For a moment it looked as if he would do as Luke said – the gun moved shakily down. But then he seemed to change his mind. In one practiced move, his arm swung up again, and he pointed the gun at his own head.
Something inside Harper fractured. She couldn’t lose another one.
Not again.
‘No!’
She heard herself scream, and then she was running towards him, feet sliding on the mud.
‘Harper, stop!’ Luke shouted behind her.
But she was already grabbing Smith’s arm with all her strength. The first police cars were roaring through the trees toward them, sirens shrieking, blue lights blinding.
Smith struggled with her – she could smell his aftershave, the acrid scent of fear sweat.
Then the gun went off with a tremendous, deafening retort that split the night like thunder.
Something burned Harper’s shoulder – a sharp, unbearable flame.
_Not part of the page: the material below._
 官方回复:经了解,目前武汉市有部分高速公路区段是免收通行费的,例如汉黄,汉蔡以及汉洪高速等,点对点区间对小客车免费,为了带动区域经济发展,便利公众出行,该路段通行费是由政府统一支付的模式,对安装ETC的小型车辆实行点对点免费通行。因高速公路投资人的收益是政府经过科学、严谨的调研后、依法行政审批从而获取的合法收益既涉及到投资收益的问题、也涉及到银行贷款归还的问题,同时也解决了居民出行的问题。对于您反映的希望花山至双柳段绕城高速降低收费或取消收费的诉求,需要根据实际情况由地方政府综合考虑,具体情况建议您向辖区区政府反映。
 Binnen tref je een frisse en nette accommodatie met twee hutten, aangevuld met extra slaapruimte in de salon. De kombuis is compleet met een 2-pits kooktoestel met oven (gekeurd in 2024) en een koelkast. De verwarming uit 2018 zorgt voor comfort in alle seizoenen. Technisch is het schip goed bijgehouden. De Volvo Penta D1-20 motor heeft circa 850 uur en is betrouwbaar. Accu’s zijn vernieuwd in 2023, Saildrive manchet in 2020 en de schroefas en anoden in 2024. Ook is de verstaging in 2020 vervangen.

Her feet left the ground.
She was suddenly weightless – airborne.
Falling light as a feather through the darkness into nothing.
Chapter Forty-three
Harper lay on her back in the mud staring up at a dark sky, lit by flashes of blue. She felt strange – her mind seemed disjointed. Broken free of its moorings.
What happened?
Luke dropped to his knees next to her, whispering her name, hands searching her body.
‘Are you hit?’ he kept asking, his voice breathless and thin. ‘Harper, are you hit?’
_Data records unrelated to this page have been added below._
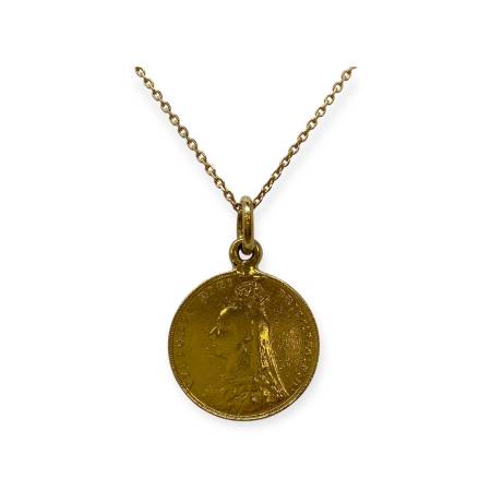 Magnifique pendentif en or 750/1000 (18K) avec une pièce d'or Souverain Britannique Victoria Jubilee de 1890 qui est en or 916/1000
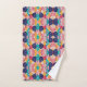 Colorful geometric-patterned towels hang on a silver rod, showcasing vibrant shades of blue, pink, yellow, and red. Below, a matching washcloth is neatly displayed.
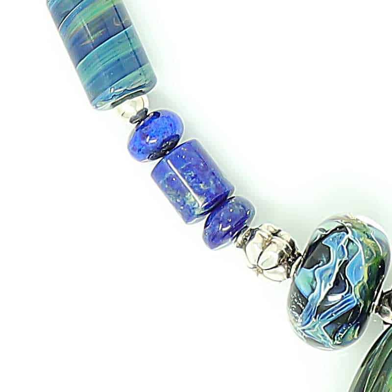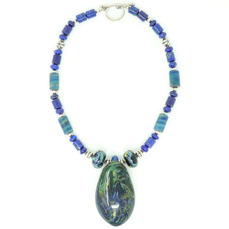 The Lapis Lazuli Sterling Silver Pendant Necklace is as unique as it is dazzling. The exquisite lampwork borosilicate glass pendant is of the highest quality. With its 8.2 mm lapis lazuli tube gemstones and lampwork borosilicate glass beads, this statement necklace is perfectly balanced with 9 mm pewter beads and 5 mm sterling silver spacer beads. Bold and beautiful, the necklace’s marriage of complementary elements comes together to create a truly unique look.
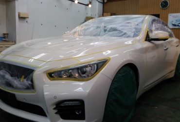 コーティング施工前に塗装面に付いた洗車傷や水垢等をポリッシング作業で除去しました。
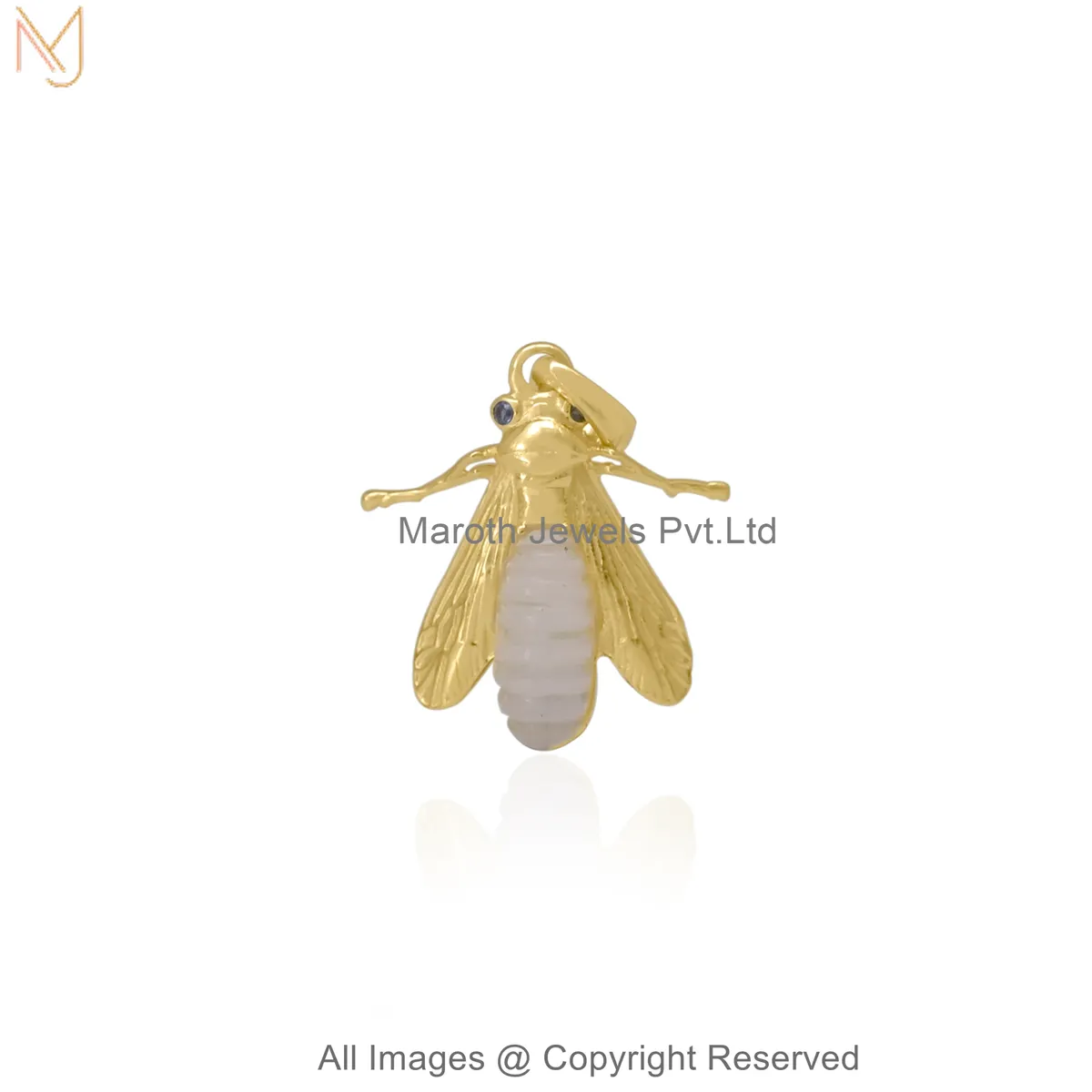 14K Yellow Gold Gemstone Cicada Charm Pendant Manufacturer

She tried to answer him, but her mouth had gone numb.
When he found the blood, pulsing warm and thick from her shoulder, his breath hissed between his teeth.
‘Oh, fuck, Harper,’ he whispered. And then loudly, over his shoulder, voice cracking, ‘She’s hit. Get an ambulance out here. Now.’
Harper couldn’t breathe.
‘Help …’ she gasped, trying to reach for him with hands suddenly so heavy and uncooperative they wouldn’t leave the ground.
Luke ripped off his shirt, wadding it into a ball and pressing it hard against the wound at the front of her left shoulder. She could see others gathering behind him, dark shadows against the flickering blue.
In the distance, she thought she saw Smith being led away. She wanted to ask if he was OK but the words wouldn’t form.
‘Ambulance is en route,’ someone said.
Luke didn’t look away. His eyes held hers.
‘Stay with me, baby,’ he kept saying, his voice low and pleading. ‘Stay with me.’
It struck Harper that she was shivering with such violence her teeth chattered, and yet she felt oddly warm. The ground was soft and comforting beneath her.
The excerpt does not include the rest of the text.